== Segment start ==

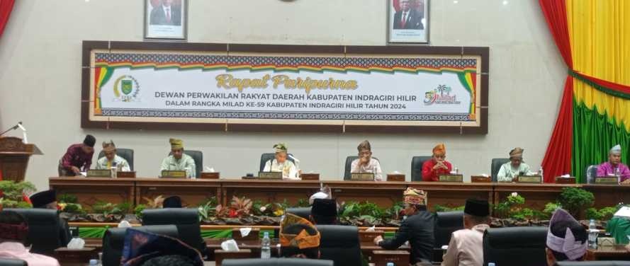 Tembilahan, Lintaspena.com – Dewan Perwakilan Rakyat Daerah (DPRD) Kabupaten Indragiri Hilir menggelar Rapat Paripurna Istimewa dalam rangka peringatan Milad Kabupaten Indragiri Hilir yang ke 59 di Aula Utama DPRD, Jumat (14/06/2024)
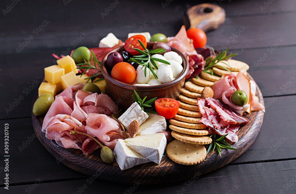 Antipasto platter with ham, prosciutto, salami, cheese, crackers and olives on a wooden background. Christmas table.
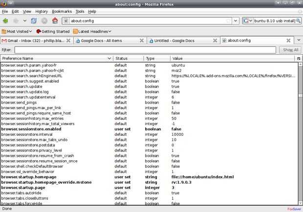 3. en la barra de direcciones, escriba acerca: config--entonces encontrar la browser.sessionstore de ajuste y establecido en false haciendo doble clic en la línea. Esto evitará que windows no deseado mensaje impidiendo la puesta en cada arranque de firefox.

== Segment end ==

Nothing but the text of the listing should be set down, exactly, with the pictures left behind.

 Tembilahan, Lintaspena.com – Dewan Perwakilan Rakyat Daerah (DPRD) Kabupaten Indragiri Hilir menggelar Rapat Paripurna Istimewa dalam rangka peringatan Milad Kabupaten Indragiri Hilir yang ke 59 di Aula Utama DPRD, Jumat (14/06/2024)
 Antipasto platter with ham, prosciutto, salami, cheese, crackers and olives on a wooden background. Christmas table.
 3. en la barra de direcciones, escriba acerca: config--entonces encontrar la browser.sessionstore de ajuste y establecido en false haciendo doble clic en la línea. Esto evitará que windows no deseado mensaje impidiendo la puesta en cada arranque de firefox.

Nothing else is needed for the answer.